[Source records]
>>
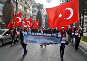 Aydın'ın Efeler ilçesindeki Atatürk Kapalı Spor Salonu'nda saat 10:00'da başlayan Sarıkamış Şehitleri Anma Yürüyüşü'ne soğuğa rağmen çok sayıda katılım oldu. Yürüyüşe Aydın Gençlik Hizmetleri ve Spor İl Müdürü Bekir Çeker, Aydın İl Müftüsü Ömer Kocaoğul, AK Parti Aydın İl Başkanı Ömer Özmen, AK Parti Efeler İlçe Başkanı Aytaç Arslan, AK Parti Aydın Gençlik Kolları İl Başkanı Mustafa Enes Yıldız, Gençlik Hizmetleri ve Spor şube müdür ve personelleri ile çok sayıda öğrenci ve vatandaş katıldı. Aydın Gençlik Hizmetleri ve Spor İl Müdürlüğü tarafından dağıtılan kırmızı-beyaz; atkı, eldiven ve berelerin takıldığı yürüyüşte katılımcılar 'Şehitler ölmez vatan bölünmez' 'Bir destandır Sarıkamış' şeklinde sloganlar attı.
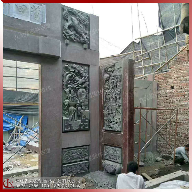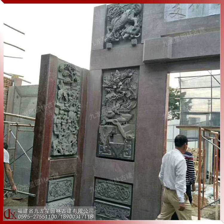 石雕浮雕壁畫在潮汕祠堂中占了重要的地位。宗祠門面浮雕在內容、形式和材質上與圓雕一樣豐富多彩。下圖是九龍星園林古建案例-潮汕祠堂門面獅象浮雕圖 浮40公分。
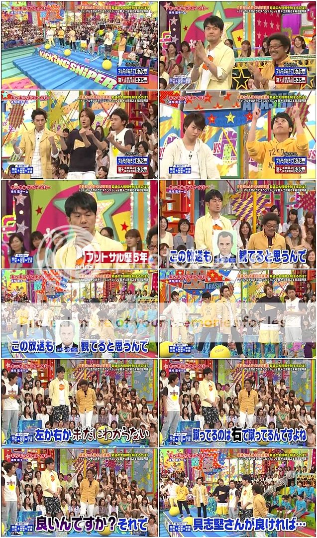 小朋友們太可愛了!!福君說自己從幼稚園到高班三年一直都在踢足球。嵐說那幼稚園兩年,高班三年綜合就是5年吧。然後問福君『今年幾歲?』福君說10歲。翔腦筋動好快!!翔『也就是說人生的一半都在踢足球啊。』和厲害的三浦選手一樣足球齡了說!!哈哈哈!!世良桑很殘念啊~~連著兩個遊戲都很糟糕,不知道這次會有表現嗎?自己都心虛的小聲回答了。變得沒自信了啦!!哈哈哈!至於前棒球選手的阿部桑則是對於足球一點也沒信心。這劇組是怎樣?想全部丟責任給小朋友們嗎?哈哈哈!一哉桑開始說起自己喜歡足球從漫畫開始,土田桑擺出一個完全不感興趣的臉,一哉桑說『我可是在說話!』然後罵了一大串後,土田桑說『這個人最近很容易生氣。』哈哈哈哈!!明明就是你弄他生氣的!一哉桑就又開始說啊說的,連伊藤桑都不理他了,沒人出聲。一哉桑『喂喂?』(哈哈哈!有人在嗎?)
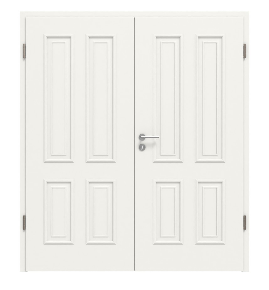 Wysokiej jakości białe wykończenie lakierem w kolorze RAL 9010 lub RAL 9016 nadaje podwójnemu skrzydłu drzwiowemu wspaniały połysk. Eleganckie listwy profilowetworzą klasyczny wzór.
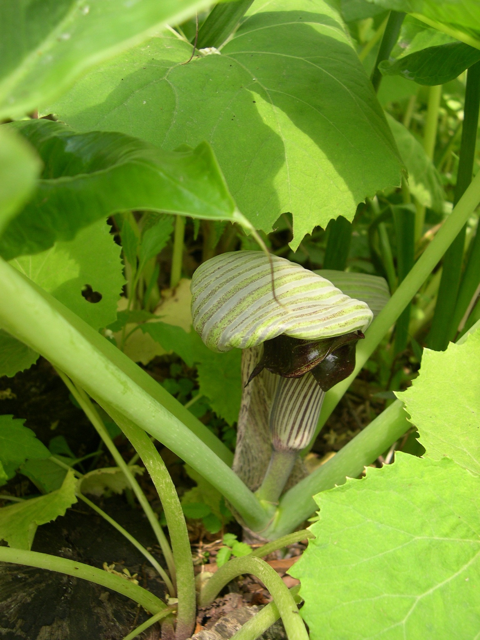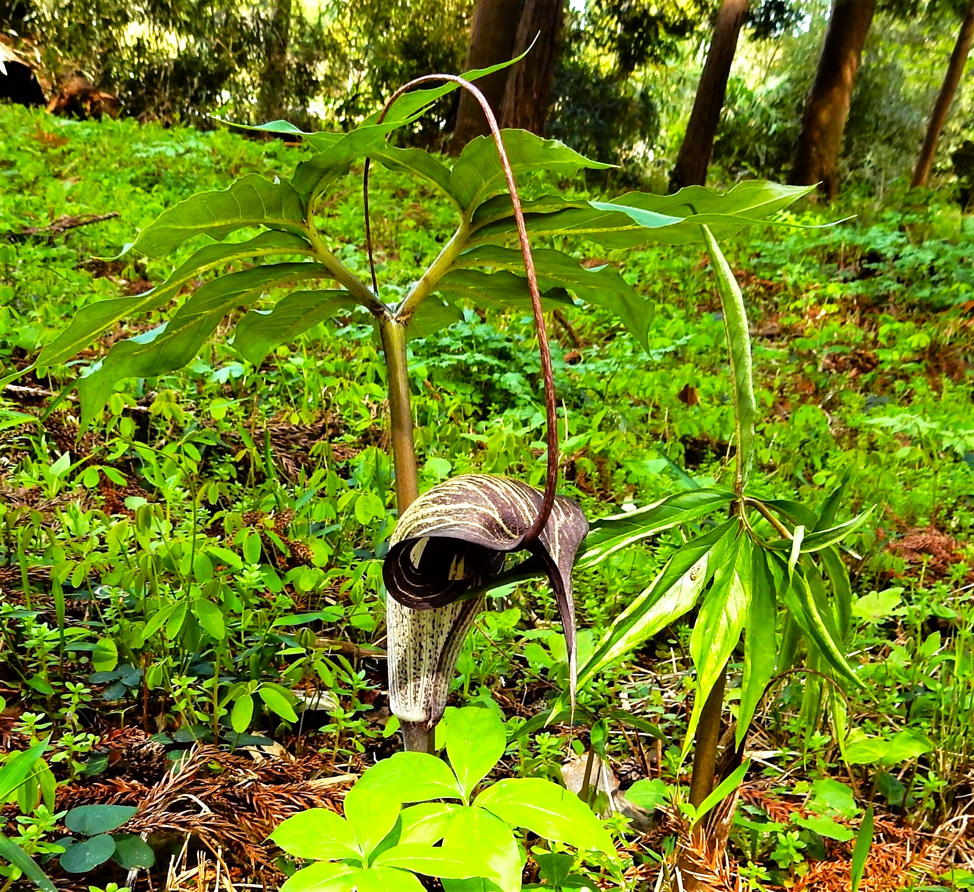 春の野山で見られるマムシグサやウラシマソウなどと同じ仲間です。関西に多く生育している植物ですが、近年、園芸店で売られているのを見かけます。
<<
#### [AIM OF THE TASK]
Could the entries above be copied out exactly, with no pictures included?

#### [EXPECTED OUTPUT]
 Aydın'ın Efeler ilçesindeki Atatürk Kapalı Spor Salonu'nda saat 10:00'da başlayan Sarıkamış Şehitleri Anma Yürüyüşü'ne soğuğa rağmen çok sayıda katılım oldu. Yürüyüşe Aydın Gençlik Hizmetleri ve Spor İl Müdürü Bekir Çeker, Aydın İl Müftüsü Ömer Kocaoğul, AK Parti Aydın İl Başkanı Ömer Özmen, AK Parti Efeler İlçe Başkanı Aytaç Arslan, AK Parti Aydın Gençlik Kolları İl Başkanı Mustafa Enes Yıldız, Gençlik Hizmetleri ve Spor şube müdür ve personelleri ile çok sayıda öğrenci ve vatandaş katıldı. Aydın Gençlik Hizmetleri ve Spor İl Müdürlüğü tarafından dağıtılan kırmızı-beyaz; atkı, eldiven ve berelerin takıldığı yürüyüşte katılımcılar 'Şehitler ölmez vatan bölünmez' 'Bir destandır Sarıkamış' şeklinde sloganlar attı.
 石雕浮雕壁畫在潮汕祠堂中占了重要的地位。宗祠門面浮雕在內容、形式和材質上與圓雕一樣豐富多彩。下圖是九龍星園林古建案例-潮汕祠堂門面獅象浮雕圖 浮40公分。
 小朋友們太可愛了!!福君說自己從幼稚園到高班三年一直都在踢足球。嵐說那幼稚園兩年,高班三年綜合就是5年吧。然後問福君『今年幾歲?』福君說10歲。翔腦筋動好快!!翔『也就是說人生的一半都在踢足球啊。』和厲害的三浦選手一樣足球齡了說!!哈哈哈!!世良桑很殘念啊~~連著兩個遊戲都很糟糕,不知道這次會有表現嗎?自己都心虛的小聲回答了。變得沒自信了啦!!哈哈哈!至於前棒球選手的阿部桑則是對於足球一點也沒信心。這劇組是怎樣?想全部丟責任給小朋友們嗎?哈哈哈!一哉桑開始說起自己喜歡足球從漫畫開始,土田桑擺出一個完全不感興趣的臉,一哉桑說『我可是在說話!』然後罵了一大串後,土田桑說『這個人最近很容易生氣。』哈哈哈哈!!明明就是你弄他生氣的!一哉桑就又開始說啊說的,連伊藤桑都不理他了,沒人出聲。一哉桑『喂喂?』(哈哈哈!有人在嗎?)
 Wysokiej jakości białe wykończenie lakierem w kolorze RAL 9010 lub RAL 9016 nadaje podwójnemu skrzydłu drzwiowemu wspaniały połysk. Eleganckie listwy profilowetworzą klasyczny wzór.
 春の野山で見られるマムシグサやウラシマソウなどと同じ仲間です。関西に多く生育している植物ですが、近年、園芸店で売られているのを見かけます。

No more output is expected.